调试时无法进入功能

Question

my simple test cpp is followed:

#include <stdio.h>
#include <string>
#include <iostream>
using namespace std;

void hello(string str) {
    cout << str << endl;
}

int main(int argc, const char **argv) {
    string str = "hello world!";
    hello(str);
    return 0;
}

and I compile the cpp with command:

g++ hello.cpp -o hello -g

and then run as debug mode:

cgdb hello
(gdb) b main
(gdb) r
(gdb) n
(gdb) s

after I use step command in gdb, I got the following errors:

std::__cxx11::basic_string<char, std::char_traits<char>, std::allocator<char> >::basic_string (this=0x7fffffffe5c0, __str="hello world!") at /build/gcc/src/gcc-build/x86_64-pc-linux-gnu/libstdc++-v3/include/bits/basic_string.h:399
399     /build/gcc/src/gcc-build/x86_64-pc-linux-gnu/libstdc++-v3/include/bits/basic_string.h: No such file or directory.

I found that this error only happen when the function has arguments with type of string. For example:

void hello(int i);

I can step into the function hello without any problem.

I use the following command to find where allocator.h is:

sudo find / | grep allocator.h

and I got the results as follow(only list part of the results):

/usr/include/c++/6.3.1/ext/bitmap_allocator.h
/usr/include/c++/6.3.1/ext/debug_allocator.h
/usr/include/c++/6.3.1/ext/new_allocator.h
/usr/include/c++/6.3.1/ext/extptr_allocator.h
/usr/include/c++/6.3.1/ext/throw_allocator.h
/usr/include/c++/6.3.1/ext/pool_allocator.h
/usr/include/c++/6.3.1/ext/array_allocator.h
/usr/include/c++/6.3.1/ext/malloc_allocator.h
/usr/include/c++/6.3.1/x86_64-pc-linux-gnu/bits/c++allocator.h
/usr/include/c++/6.3.1/bits/allocator.h
/usr/include/c++/6.3.1/bits/uses_allocator.h
/usr/include/gc/gc_allocator.h

Why would this happen?
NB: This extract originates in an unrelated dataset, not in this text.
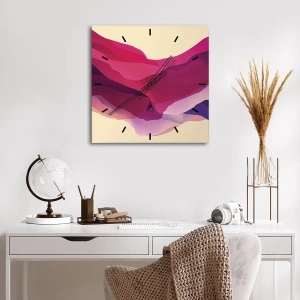 Ondas Roxas é um relógio de parede com um padrão abstrato exclusivo em tons de rosa e roxo que traz aconchego e elegância a qualquer ambiente. Delicadas transições de cores e uma composição harmoniosa fazem deste relógio um elemento decorativo prático e artístico. Ele combina perfeitamente com arranjos modernos e minimalistas.

THX!!!

Answer 1

Why would this happen?

You wanted to step into void hello() but stepped into std::string copy constructor. Now you can go out of std::string constructor using finish command and step into void hello() :

(gdb) finish
(gdb) step

Another option is to pass string argument to void hello() by reference to avoid unnecessary copying. That way you will step into desired function with only a single step:

void hello(const string& str) {
    cout << str << endl;
}